[Dataset content]
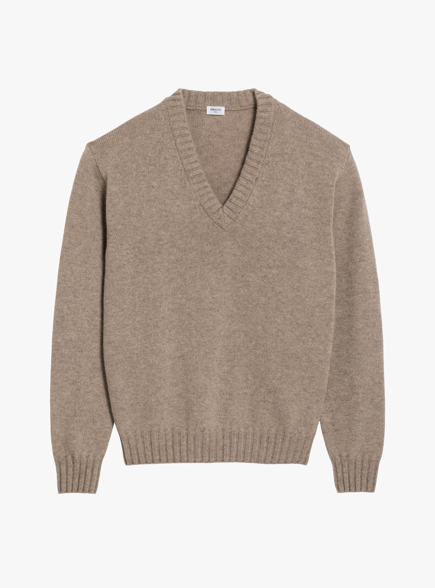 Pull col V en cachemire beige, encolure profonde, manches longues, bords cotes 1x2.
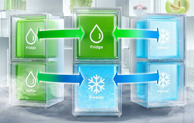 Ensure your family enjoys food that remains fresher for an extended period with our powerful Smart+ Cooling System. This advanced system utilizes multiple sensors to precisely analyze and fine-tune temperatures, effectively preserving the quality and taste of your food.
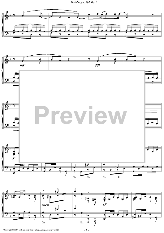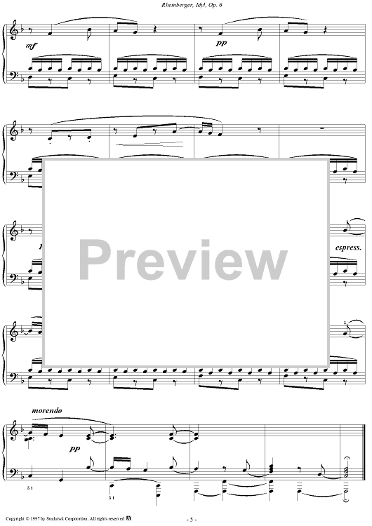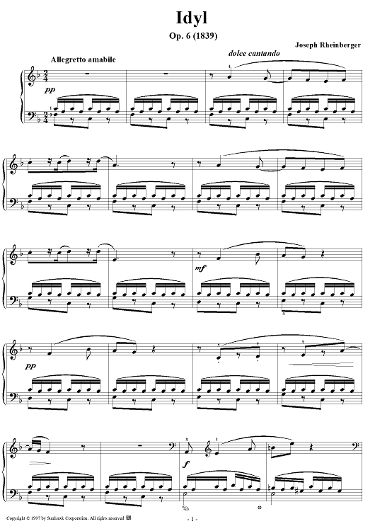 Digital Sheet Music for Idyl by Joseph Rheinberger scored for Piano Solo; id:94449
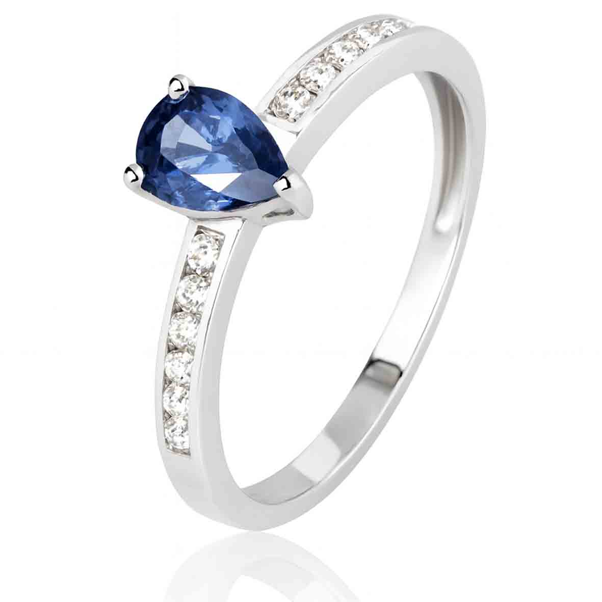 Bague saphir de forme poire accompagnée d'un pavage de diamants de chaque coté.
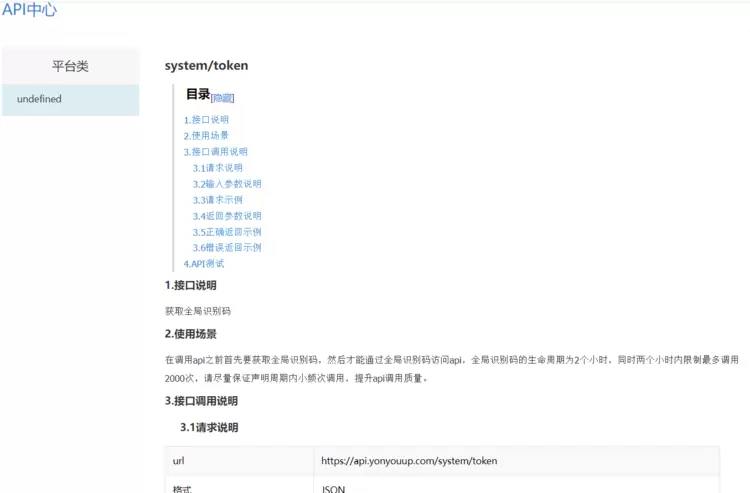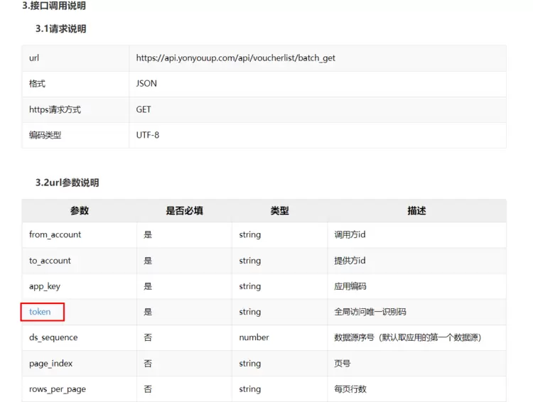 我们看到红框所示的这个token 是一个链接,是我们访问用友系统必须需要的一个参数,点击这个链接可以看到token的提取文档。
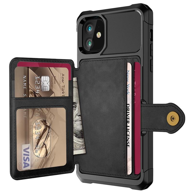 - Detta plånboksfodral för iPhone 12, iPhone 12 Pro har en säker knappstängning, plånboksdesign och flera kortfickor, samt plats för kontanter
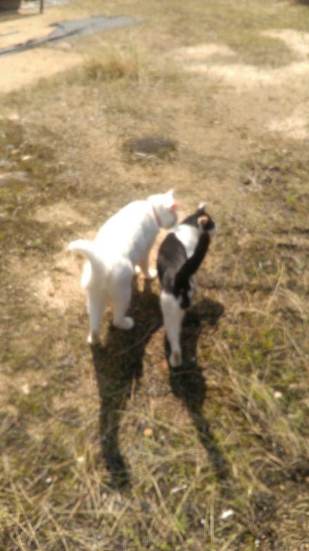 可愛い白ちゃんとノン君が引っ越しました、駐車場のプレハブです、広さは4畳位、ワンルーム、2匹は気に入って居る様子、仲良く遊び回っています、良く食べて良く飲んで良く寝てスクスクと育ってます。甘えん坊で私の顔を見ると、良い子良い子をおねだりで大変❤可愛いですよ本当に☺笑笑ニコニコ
[/Dataset content]
[Dataset content]
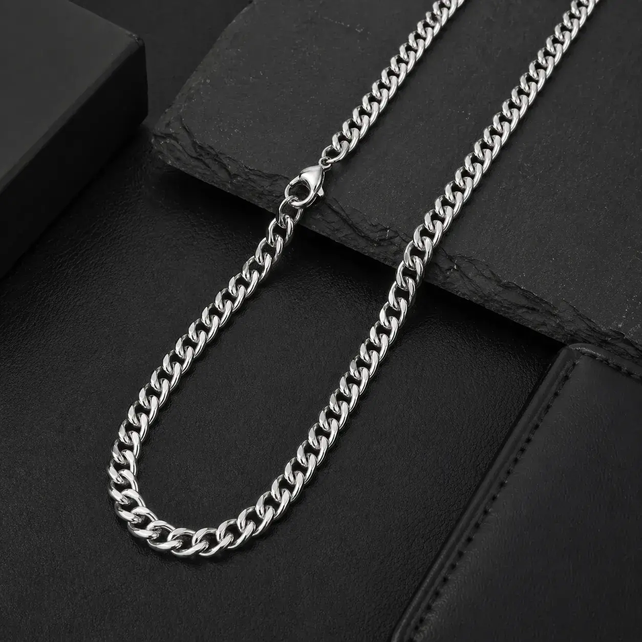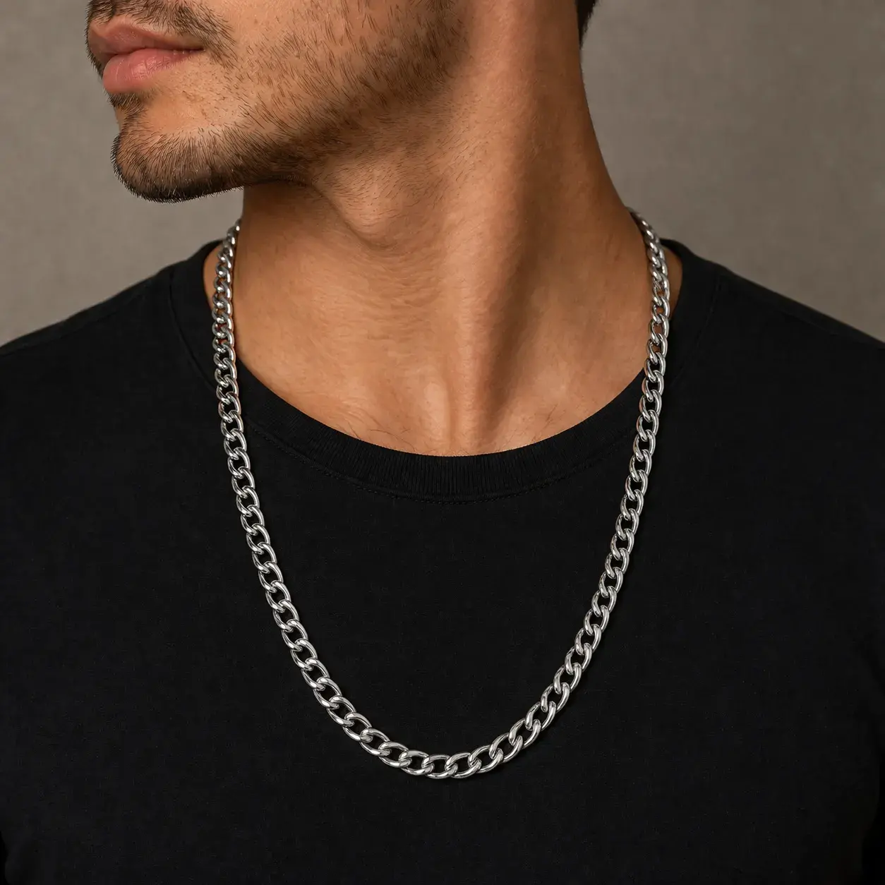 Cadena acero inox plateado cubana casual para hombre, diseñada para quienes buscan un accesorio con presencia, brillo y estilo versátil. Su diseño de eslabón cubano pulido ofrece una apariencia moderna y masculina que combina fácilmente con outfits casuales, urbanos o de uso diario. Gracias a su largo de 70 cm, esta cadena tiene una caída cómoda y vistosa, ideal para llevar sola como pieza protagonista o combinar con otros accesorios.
[/Dataset content]
Task description - Copy the lines above exactly, starting at the one with "- Detta plånboksfodral" and ending at the one with "可愛い白ちゃんとノン君が引っ", both included. Leave out any pictures and add nothing else.

Task answer -
 - Detta plånboksfodral för iPhone 12, iPhone 12 Pro har en säker knappstängning, plånboksdesign och flera kortfickor, samt plats för kontanter
 可愛い白ちゃんとノン君が引っ越しました、駐車場のプレハブです、広さは4畳位、ワンルーム、2匹は気に入って居る様子、仲良く遊び回っています、良く食べて良く飲んで良く寝てスクスクと育ってます。甘えん坊で私の顔を見ると、良い子良い子をおねだりで大変❤可愛いですよ本当に☺笑笑ニコニコ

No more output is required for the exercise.